*** Opening DATASET ENTRIES ***

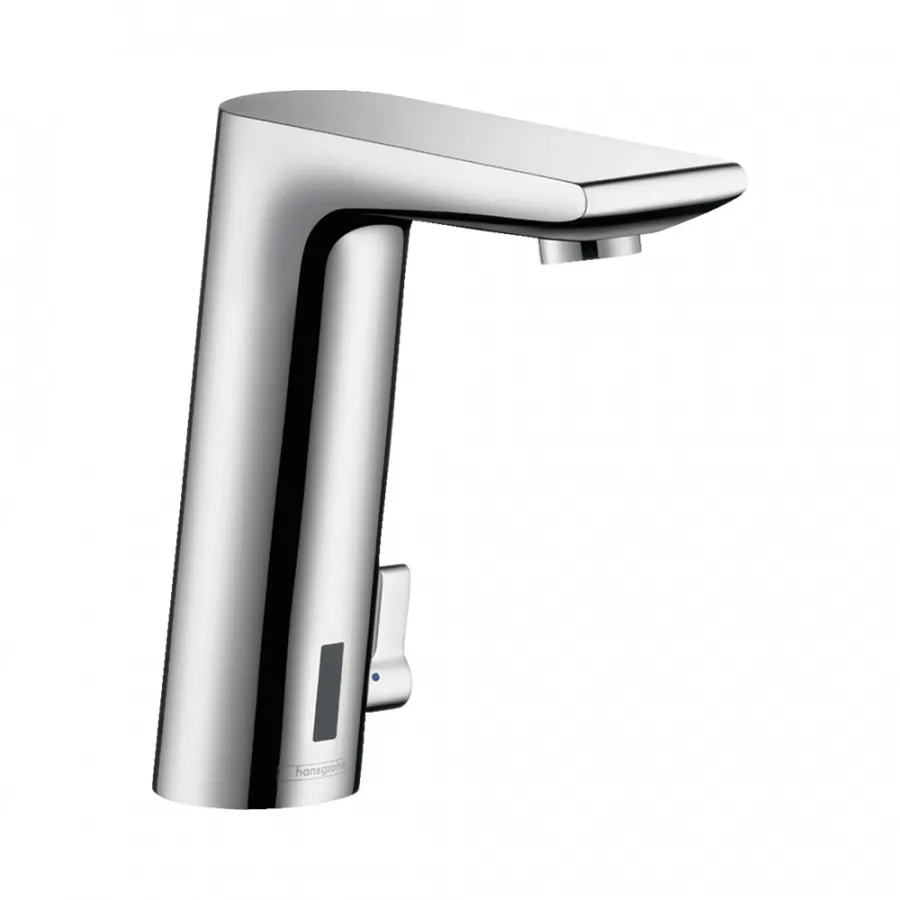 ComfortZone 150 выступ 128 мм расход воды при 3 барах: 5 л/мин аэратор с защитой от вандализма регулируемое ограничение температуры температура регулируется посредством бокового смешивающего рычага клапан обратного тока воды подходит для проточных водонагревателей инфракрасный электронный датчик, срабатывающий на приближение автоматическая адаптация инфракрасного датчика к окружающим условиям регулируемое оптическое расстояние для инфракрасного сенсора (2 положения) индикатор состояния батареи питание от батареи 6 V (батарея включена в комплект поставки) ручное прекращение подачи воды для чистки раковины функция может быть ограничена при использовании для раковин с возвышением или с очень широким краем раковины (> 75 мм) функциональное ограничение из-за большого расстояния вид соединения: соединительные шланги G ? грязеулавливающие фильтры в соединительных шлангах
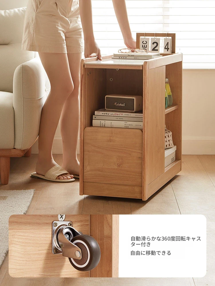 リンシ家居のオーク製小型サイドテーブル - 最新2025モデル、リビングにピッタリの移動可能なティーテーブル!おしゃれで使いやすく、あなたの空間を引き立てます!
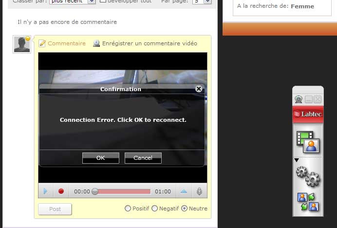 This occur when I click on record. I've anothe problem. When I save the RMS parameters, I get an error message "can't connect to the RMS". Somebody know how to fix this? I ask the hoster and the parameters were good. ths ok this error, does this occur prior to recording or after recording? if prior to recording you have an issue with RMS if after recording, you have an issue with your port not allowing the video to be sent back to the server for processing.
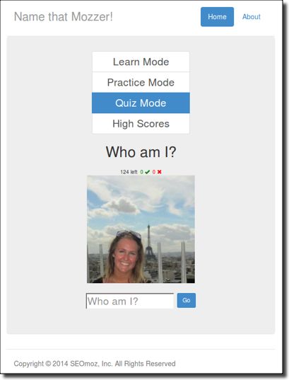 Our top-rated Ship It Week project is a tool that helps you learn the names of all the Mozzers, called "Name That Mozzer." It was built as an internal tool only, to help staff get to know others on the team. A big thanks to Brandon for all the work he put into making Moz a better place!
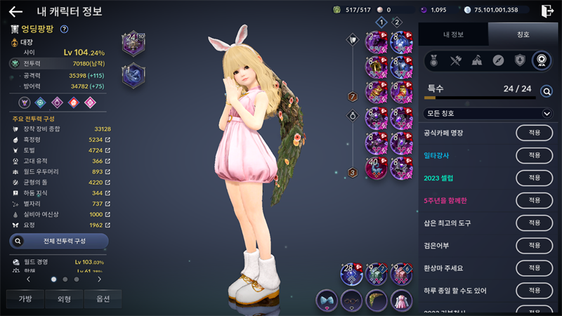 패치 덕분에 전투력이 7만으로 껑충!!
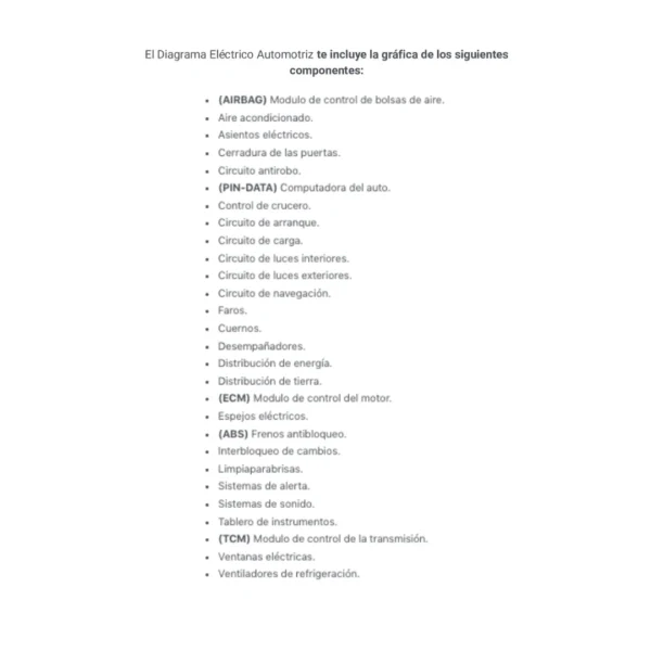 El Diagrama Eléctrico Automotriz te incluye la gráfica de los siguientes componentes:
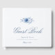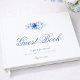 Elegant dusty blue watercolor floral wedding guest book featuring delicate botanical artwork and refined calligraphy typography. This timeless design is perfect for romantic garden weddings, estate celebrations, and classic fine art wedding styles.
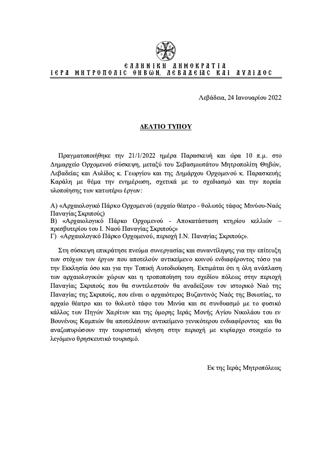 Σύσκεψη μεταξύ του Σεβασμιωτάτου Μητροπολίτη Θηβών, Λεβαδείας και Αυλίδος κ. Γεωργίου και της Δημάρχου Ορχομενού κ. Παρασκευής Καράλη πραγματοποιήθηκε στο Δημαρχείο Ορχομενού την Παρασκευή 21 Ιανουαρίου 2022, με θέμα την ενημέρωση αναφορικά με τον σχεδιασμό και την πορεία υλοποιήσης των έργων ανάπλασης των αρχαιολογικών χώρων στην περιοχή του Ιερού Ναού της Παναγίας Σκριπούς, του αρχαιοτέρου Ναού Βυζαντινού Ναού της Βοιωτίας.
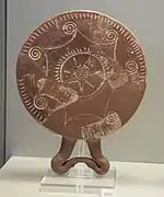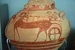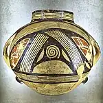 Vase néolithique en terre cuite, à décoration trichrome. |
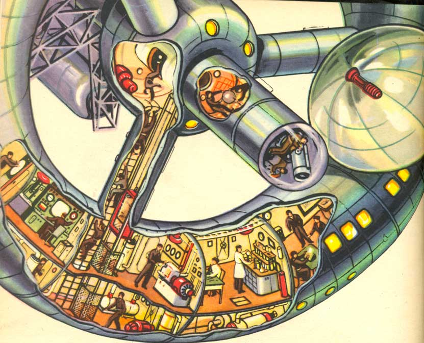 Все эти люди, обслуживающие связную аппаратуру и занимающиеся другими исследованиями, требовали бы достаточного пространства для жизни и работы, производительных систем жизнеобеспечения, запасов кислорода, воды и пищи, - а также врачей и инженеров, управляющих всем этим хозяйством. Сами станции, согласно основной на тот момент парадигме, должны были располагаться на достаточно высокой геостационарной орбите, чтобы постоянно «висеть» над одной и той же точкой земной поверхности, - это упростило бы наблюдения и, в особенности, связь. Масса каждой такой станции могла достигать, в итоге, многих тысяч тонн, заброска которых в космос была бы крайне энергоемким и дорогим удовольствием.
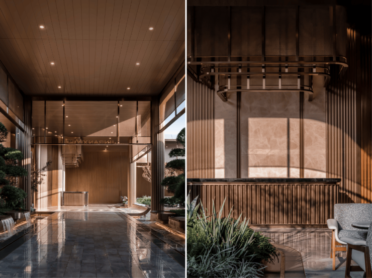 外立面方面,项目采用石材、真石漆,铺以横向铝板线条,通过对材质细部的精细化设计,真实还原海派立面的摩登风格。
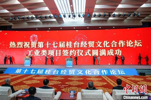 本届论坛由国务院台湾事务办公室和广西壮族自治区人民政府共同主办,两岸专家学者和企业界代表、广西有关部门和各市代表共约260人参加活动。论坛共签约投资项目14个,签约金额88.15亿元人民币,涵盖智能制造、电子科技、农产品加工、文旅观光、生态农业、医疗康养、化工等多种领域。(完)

*** Closing DATASET ENTRIES ***

GOAL OF THE EXERCISE
Once the line containing "外立面方面,项目采用石材、真" is found, write out exactly that line and each line after it through the end of the entries, omitting pictures.

ANSWER FOR THIS EXERCISE
 外立面方面,项目采用石材、真石漆,铺以横向铝板线条,通过对材质细部的精细化设计,真实还原海派立面的摩登风格。
 本届论坛由国务院台湾事务办公室和广西壮族自治区人民政府共同主办,两岸专家学者和企业界代表、广西有关部门和各市代表共约260人参加活动。论坛共签约投资项目14个,签约金额88.15亿元人民币,涵盖智能制造、电子科技、农产品加工、文旅观光、生态农业、医疗康养、化工等多种领域。(完)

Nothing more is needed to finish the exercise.